Our findings suggested that there are substantial rural and urban disparities in enrollment of beneficiaries in ACOs with high CAHPS. Often, rural regions have fewer resources than urban areas. Variations in the availability of health care services between rural and urban regions may affect timely access to care. One study35 found that older Medicare fee-for-servicebeneficiaries in rural areas are potentially underdiagnosed with ADRD and receive delayed diagnosis.

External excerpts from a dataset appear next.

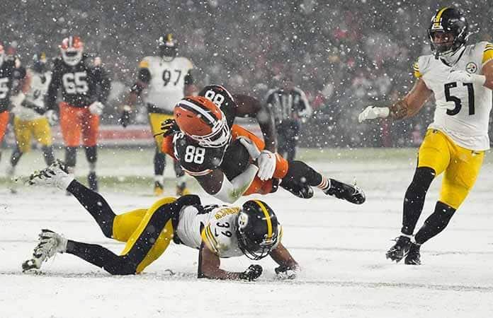 En el último periodo, a pesar de las condiciones, los Browns llevaron el balón hasta la zona roja y anotaron con carrera de Jameis Winston que los puso en ventaja de 18-6, con la conversión de dos puntos, distancia que de inmediato recortó a 18-13 el visitante con touchdown por tierra de Jaylen Warren.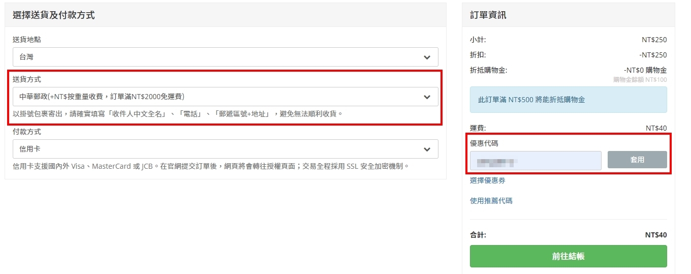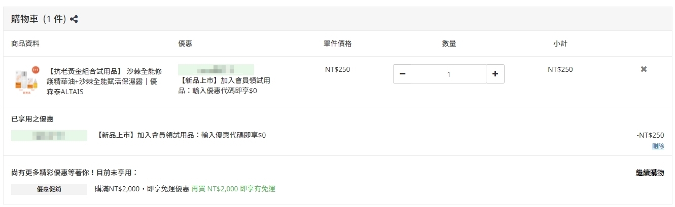 Step3. 進入官網【活動商品頁】,並將試用品-沙棘保養新品,【加入購物車】,前往結帳頁面,於最後輸入【優惠代碼】,完成流程後,請留意收取包裹。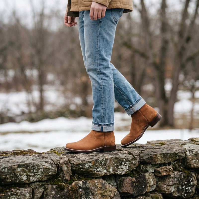 Men's Square Toe Ankle Western Cowboy Boot Dress Ankle Chelsea Boots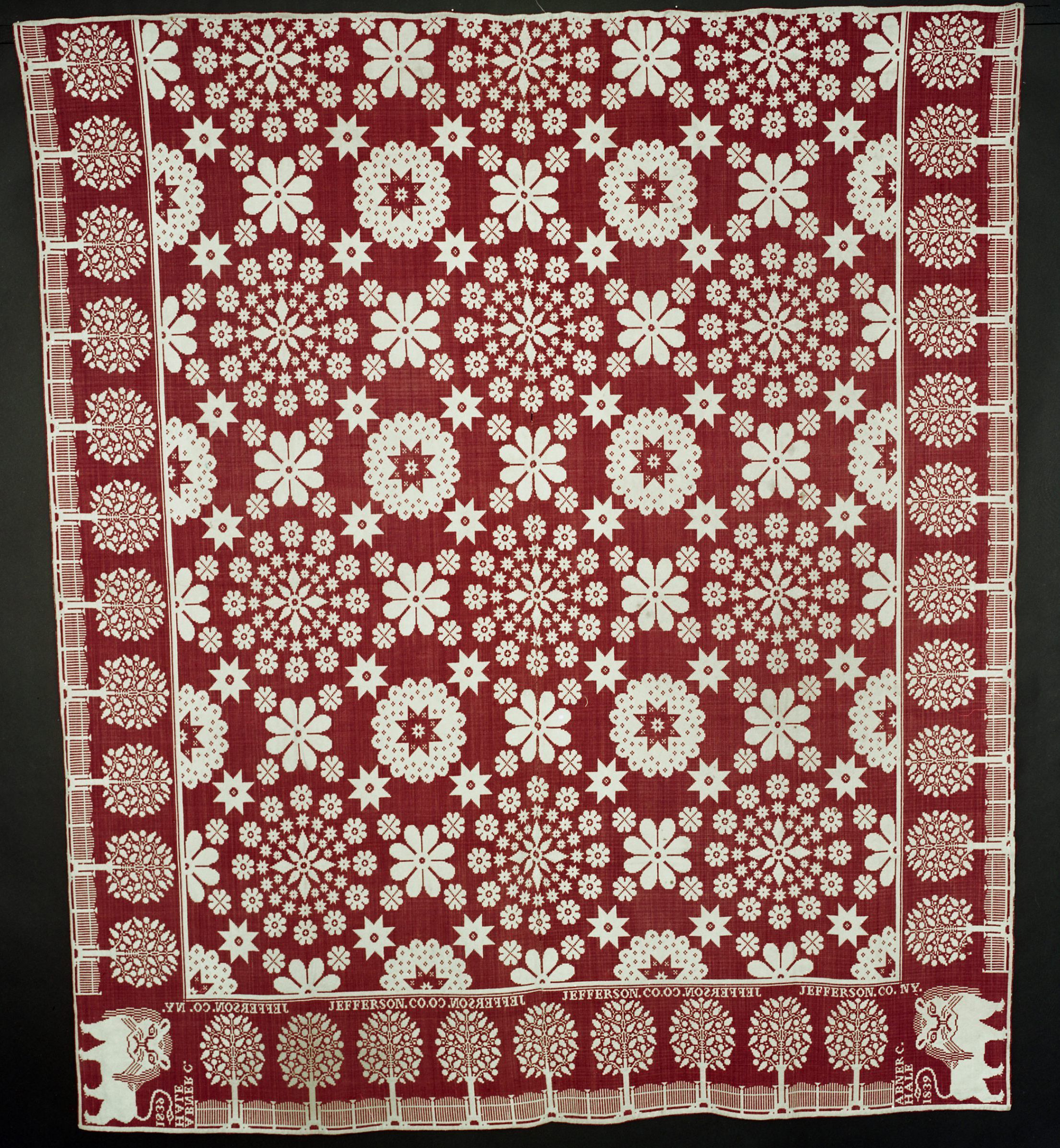Double weave; mauve, natural; two loom widths joined; no fringe; border on 3 sides of trees and fences; two corner blocks with large lion and inscription; centerfield of flowers and stars that form a diamond patternCollection

Given our growing diverse population of older adults, it is imperative that future research reflects their care experiences and needs. For example, given the lack of research on older Asian American adults, we are limited in our ability to fully explain the disparities in our study. From the literature on the aging Asian immigrants receiving care for depression, we speculated that implementing a patient-centered model in decision-making could lead to the positive engagement of the individual.
Limitations
Our study had several limitations. First, our model used multilevel controls according to the National Institute on Minority Health and Health Disparities framework but still might have missed other variables, such as the severity of the diseases, and other factors missing in the claims data, such as measures reflecting preferences, caregiver availability, and burdens, among others. Second, our study focused on MSSP ACO enrollees. Results should not be applied to the general aging population. Although the study population was homogeneous, we were able to observe significant variation among individuals belonging to different racial and ethnic groups. According to the literature, ACO enrollment might be associated with racial disparities, and White individuals were overrepresented. It is also possible that people not enrolled in an ACO experience a lower quality of care and worse disparities. Future studies may improve the data collection of the CAHPS measures to facilitate the assessment of the aging population. Additionally, our study documented CAHPS variation among patients with ADRD of different races and ethnicities. Future studies may further investigate modifiable factors that can be used to reduce observed disparities. It is a teachable moment to promote health equity and to use the opportunities of ongoing policy initiatives such as reimbursement and improving health infrastructure.
Conclusions
The burden of ADRD in the US will become increasingly high as the aging population grows and racial and ethnic diversity increases. CAHPS measures have been used widely to measure patient-centered care. It is also a proxy measure of intermediary determinants (ie, the interpersonal experience) of SRD. Our results demonstrated significant variations in CAHPS by race and ethnicity among patients with ADRD. Results suggested the urgent need to understand the factors that contributed to such disparities. Policy initiatives targeting the structural factors, such as payment reform and care coordination, might be useful to improve CAHPS for racial and ethnic minority patients with ADRD, a population that has faced SRD during their life courses.